[Collected data entries]
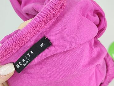 Bluzka damska Mohito Collection - Rozmiar: XS - Krój: luźny, lekko rozkloszowany dół - Dekolt: hiszpański/opadający na ramiona z elastyczną, marszczoną gumką i troczkami do wiązania - Rękawy: dług...
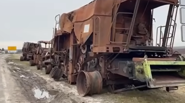 Уничтоженную россией украинскую сельхозтехнику привезли на границу с Польшей (видео)
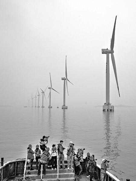 “這個風車高100米,風葉長75米,每轉(zhuǎn)一圈就能發(fā)電11度。”“真沒想到海上能建這么大的風車。”福能集團莆田石城海上風電場的巨型風車給攝影家們帶來強烈的視覺沖擊,很多攝影家以前只在報道上看過風車發(fā)電,第一次零距離拍攝這樣的大國重器,感覺相當震撼。
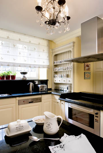 Kuchenne szafki w angielskim stylu przykryto blatem z czarnego kamienia. Z klasyczną formą mebli kontrastuje najnowsze agd.
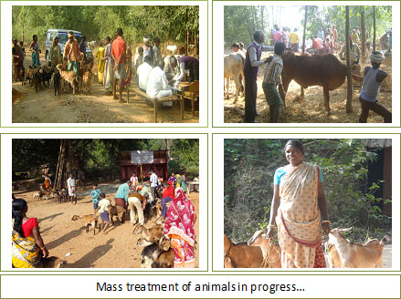 The Directorate of Research on Women in Agriculture (DRWA), Bhubaneswar celebrated ‘Women in Agricultural Day’ by organizing an Animal Health Camp at village Tarajodi, in Shyamakhunta block of Mayurbhanj district in Odisha, adopted under Tribal Sub Plan. Though farming is the primary occupation of the village, animal husbandry plays a major role in supporting livelihood, especially for the farm women. On an average, each family rears about 20 goats and 15-25 poultry birds, in addition to draught and milch animals. The recent cyclone ‘Phailin’, and the subsequent floods, resulted in heavy mortality of livestock and threat of contagious diseases in this area. Realizing the significance of livestock in the livelihood of tribal families, and the poor access to animal health care services due to the remoteness of this village, this camp was organized in association with the Animal Resources Department, Govt. of Odisha, Mayurbhanj, to provide veterinary services at the doorstep. About 500 cattle, buffalo as well as small animals such as goats and poultry birds were treated in the camp. Apart from vaccination, mass treatment regarding debility, anorexia, diarrhea, delayed maturity, sprain, cough, fever, wounds, bacillary white diarrhea etc. was given to the animals. The beneficiaries were also given tips on routine animal health care.

# What the task requires:
Leaving pictures aside, give again word for word each line from the one with "Kuchenne szafki w" to the final line of the entries.

# Your solution:
 Kuchenne szafki w angielskim stylu przykryto blatem z czarnego kamienia. Z klasyczną formą mebli kontrastuje najnowsze agd.
 The Directorate of Research on Women in Agriculture (DRWA), Bhubaneswar celebrated ‘Women in Agricultural Day’ by organizing an Animal Health Camp at village Tarajodi, in Shyamakhunta block of Mayurbhanj district in Odisha, adopted under Tribal Sub Plan. Though farming is the primary occupation of the village, animal husbandry plays a major role in supporting livelihood, especially for the farm women. On an average, each family rears about 20 goats and 15-25 poultry birds, in addition to draught and milch animals. The recent cyclone ‘Phailin’, and the subsequent floods, resulted in heavy mortality of livestock and threat of contagious diseases in this area. Realizing the significance of livestock in the livelihood of tribal families, and the poor access to animal health care services due to the remoteness of this village, this camp was organized in association with the Animal Resources Department, Govt. of Odisha, Mayurbhanj, to provide veterinary services at the doorstep. About 500 cattle, buffalo as well as small animals such as goats and poultry birds were treated in the camp. Apart from vaccination, mass treatment regarding debility, anorexia, diarrhea, delayed maturity, sprain, cough, fever, wounds, bacillary white diarrhea etc. was given to the animals. The beneficiaries were also given tips on routine animal health care.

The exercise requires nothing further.